▶ _Exercise aim_: Set down exactly the lines in the records below that run from the line with "정보미드나잇무브 팝업이 무신사" to the line with "A universal symbol", inclusive, and nothing more.

▶ _Data for the task_:
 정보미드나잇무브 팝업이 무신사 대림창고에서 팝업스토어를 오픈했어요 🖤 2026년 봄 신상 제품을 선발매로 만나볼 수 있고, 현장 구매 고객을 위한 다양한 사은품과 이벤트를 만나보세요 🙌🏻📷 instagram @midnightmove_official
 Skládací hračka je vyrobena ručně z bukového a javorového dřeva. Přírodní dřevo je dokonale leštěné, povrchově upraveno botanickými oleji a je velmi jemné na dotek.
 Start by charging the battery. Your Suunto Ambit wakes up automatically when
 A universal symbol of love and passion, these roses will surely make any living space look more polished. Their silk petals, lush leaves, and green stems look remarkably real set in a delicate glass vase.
* * *
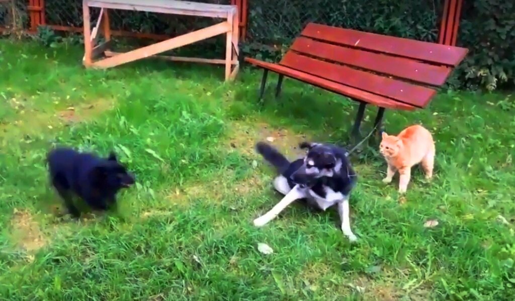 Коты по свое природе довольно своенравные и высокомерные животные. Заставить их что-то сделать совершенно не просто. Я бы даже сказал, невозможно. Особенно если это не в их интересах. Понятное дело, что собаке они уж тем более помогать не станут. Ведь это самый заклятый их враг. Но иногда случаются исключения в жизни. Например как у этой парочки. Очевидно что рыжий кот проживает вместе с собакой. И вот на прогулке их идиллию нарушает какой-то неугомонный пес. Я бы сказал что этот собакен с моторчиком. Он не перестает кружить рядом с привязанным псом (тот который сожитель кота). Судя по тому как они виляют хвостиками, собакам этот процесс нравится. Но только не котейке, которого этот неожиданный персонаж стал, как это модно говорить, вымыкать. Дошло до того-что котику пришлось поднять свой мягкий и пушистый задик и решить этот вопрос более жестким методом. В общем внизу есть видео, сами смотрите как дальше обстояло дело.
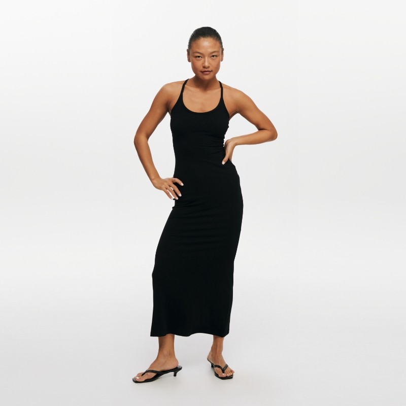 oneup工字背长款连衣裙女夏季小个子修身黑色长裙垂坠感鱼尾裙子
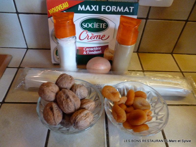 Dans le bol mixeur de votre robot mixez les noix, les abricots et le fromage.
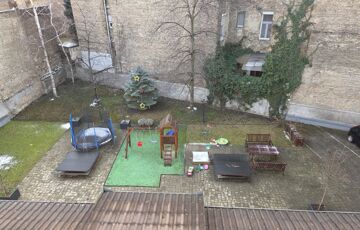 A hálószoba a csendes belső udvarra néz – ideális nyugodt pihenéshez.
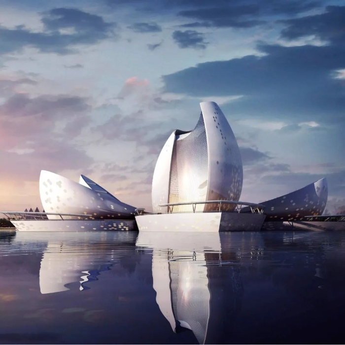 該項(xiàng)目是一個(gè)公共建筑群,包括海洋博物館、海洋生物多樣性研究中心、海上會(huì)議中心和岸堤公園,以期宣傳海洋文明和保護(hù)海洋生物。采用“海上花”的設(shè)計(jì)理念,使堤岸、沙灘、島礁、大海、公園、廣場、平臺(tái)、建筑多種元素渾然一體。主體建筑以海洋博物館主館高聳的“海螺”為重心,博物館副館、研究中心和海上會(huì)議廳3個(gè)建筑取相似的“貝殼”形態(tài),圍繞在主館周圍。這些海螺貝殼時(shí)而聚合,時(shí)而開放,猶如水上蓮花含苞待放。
* * *
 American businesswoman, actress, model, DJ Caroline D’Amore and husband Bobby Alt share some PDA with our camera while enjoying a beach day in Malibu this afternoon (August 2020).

▶ _Solution_:
 정보미드나잇무브 팝업이 무신사 대림창고에서 팝업스토어를 오픈했어요 🖤 2026년 봄 신상 제품을 선발매로 만나볼 수 있고, 현장 구매 고객을 위한 다양한 사은품과 이벤트를 만나보세요 🙌🏻📷 instagram @midnightmove_official
 Skládací hračka je vyrobena ručně z bukového a javorového dřeva. Přírodní dřevo je dokonale leštěné, povrchově upraveno botanickými oleji a je velmi jemné na dotek.
 Start by charging the battery. Your Suunto Ambit wakes up automatically when
 A universal symbol of love and passion, these roses will surely make any living space look more polished. Their silk petals, lush leaves, and green stems look remarkably real set in a delicate glass vase.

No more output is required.